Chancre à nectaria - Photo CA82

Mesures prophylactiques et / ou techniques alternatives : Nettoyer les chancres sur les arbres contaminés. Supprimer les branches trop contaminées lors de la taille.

☆ ☆ ☆ ☆ ☆ ☆ ☆

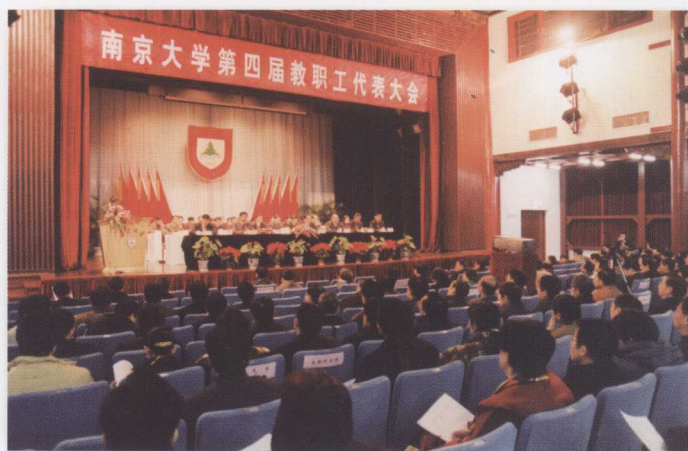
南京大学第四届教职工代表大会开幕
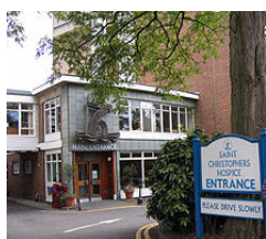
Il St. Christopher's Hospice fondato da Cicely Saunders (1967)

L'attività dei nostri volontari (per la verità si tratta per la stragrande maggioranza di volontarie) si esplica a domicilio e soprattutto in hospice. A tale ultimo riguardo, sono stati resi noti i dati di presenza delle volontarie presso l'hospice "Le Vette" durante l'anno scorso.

☆ ☆ ☆ ☆ ☆ ☆ ☆

◆ Directions for this task: Above are some lines. Repeat exactly, and only, those from the line that has "Il St. Christopher's" through the line that has "L'attività dei nostri".

◆ Response:
Il St. Christopher's Hospice fondato da Cicely Saunders (1967)

L'attività dei nostri volontari (per la verità si tratta per la stragrande maggioranza di volontarie) si esplica a domicilio e soprattutto in hospice. A tale ultimo riguardo, sono stati resi noti i dati di presenza delle volontarie presso l'hospice "Le Vette" durante l'anno scorso.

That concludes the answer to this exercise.